The reduction in net interest expense is driven by the significant paydown on our revolver. Adjusted EBITDA from continuing operations for the first quarter of 2019 was $43.8 million compared to adjusted EBITDA from continuing operations of $13.7 million in the first quarter of 2018. Next, we turn to our balance sheet, where in March 31, 2019, we had $123 million in cash. During the quarter, we paid down the remaining borrowings on our revolver.

Our net debt, at March 31, 2019, was $199.2 million. Our total capital expenditures for the quarter were $7.7 million. As noted in our last earnings announcement, last year the company purchased a clamshell dredge from a competitor who is exiting that market. We made the final payment on this dredge in April of 2019 in the amount of $10 million.

As we announced earlier this year, we expect to divest of our environmental and infrastructure business in the first half of 2019. We are currently working through the process. As a result of that decision, we have placed the E&I business in the discontinued operations for accounting purposes. During the first quarter of 2019, net loss from discontinued operations was $3.5 million compared to a net loss from discontinued operations of $2.3 million in the first quarter of 2018.

Contracted backlog in March 31, 2019 totaled $575 million compared to backlog at December 31 of 2018 of $707 million. The high revenues in project performance in the first quarter combined with the low domestic bid market caused this anticipated drop in backlog. With that, I will turn the call back over to Lasse for his remarks on the outlook moving forward.

Lasse Petterson -- Chief Executive Officer

Thank you, Mark. As noted previously, we expect the domestic bid market to be robust in the second half of the year. Our focus will remain on the large and technically challenging port deepening projects, major coastal restoration projects and channel deepening projects driven by new energy export facilities on the Gulf Coast, projects where we can excel with our technical expertise, experience and diverse fleet. Several additional phases of deepening work on projects where we are already working are expected to bid in the second half of 2019 such as Charleston, Savannah and Corpus Christi.

We also expect to bid on new projects in the ports of Norfolk and Freeport, Texas.
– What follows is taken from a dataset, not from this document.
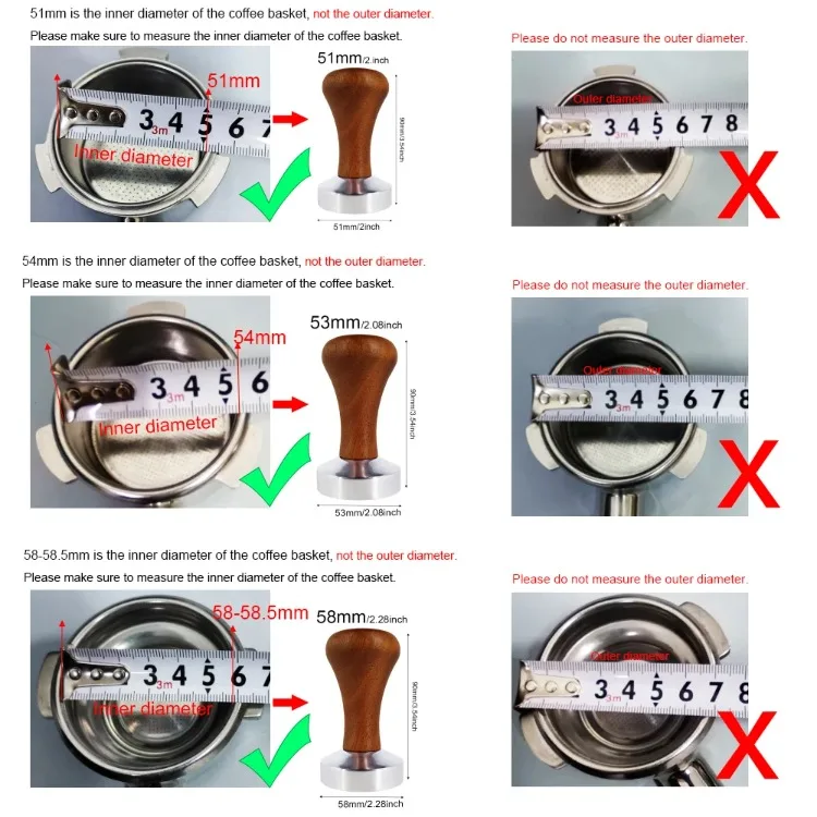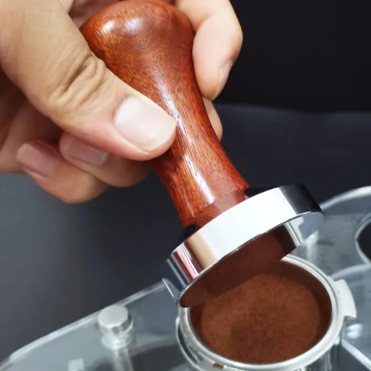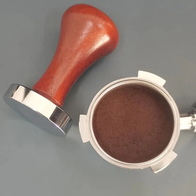 Durable espresso tamper with aluminum base and wood handle, available in 51mm, 53mm, and 58mm sizes. Ideal for compacting coffee grounds evenly for consistent espresso extraction.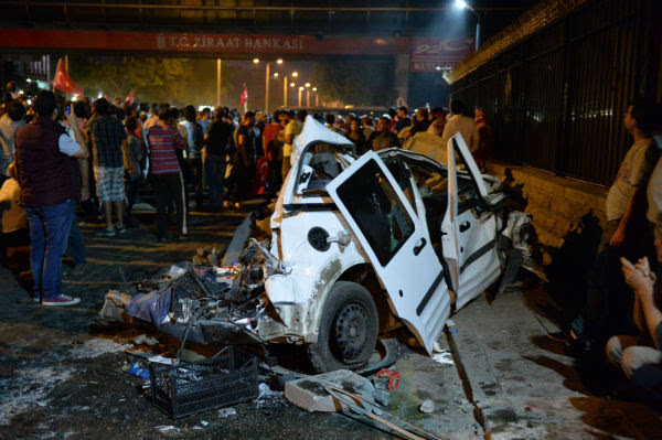 7月16日,在土耳其安卡拉,車輛在軍事政變導(dǎo)致的沖突中受損

And we expect to bid large coastal protection projects in Mississippi and Louisiana. Finally, as noted in our previous earnings call, the U.S. Senate Committee on Appropriations passed supplemental appropriations in 2018 for disaster relief and recovery, which included $17.4 billion for the corps to fund projects, projects that will reduce the risk of future damage from flood and storm events.

And some estimate indicates as much as $1.8 billion of this work will be dredging related. At the end of 2018, Congress passed an additional $1.7 billion of supplemental appropriations for disaster relief funding as a result of Hurricane Florence. We have not yet seen any bidding activities from these funds but expect movement on these projects in the second half of the year. The international market remains low.

We are currently working on a large-scale land reclamation project in Bahrain, keeping our two dredges there busy. As you recall, in 2018, we moved one large cutter dredge and one clamshell dredge back to participate in the active U.S. market with good results. In conclusion, the first quarter 2019 was excellent.

It was an excellent start to what we believe to be another active year for Great Lakes. With solid projects in backlog and a strong outlook for the domestic market, we believe 2019, even with the planned dry docks, will continue the success we saw in 2018. The changes we implemented have significantly improved our productivity and results, and we are now in a position to make timely, prudent investments in our fleet, enhancing the current assets and planning for future additions. We remain steadfast to deliver projects safely on time and on budget, resulting in quality work to our clients, a safe working environment for our employees and improved positive returns for our shareholders.

And with that, I'll turn the call over for questions. 

Questions and Answers:

Operator

[Operator instructions] Our first question comes from the line of Poe Fratt with NOBLE Capital Markets.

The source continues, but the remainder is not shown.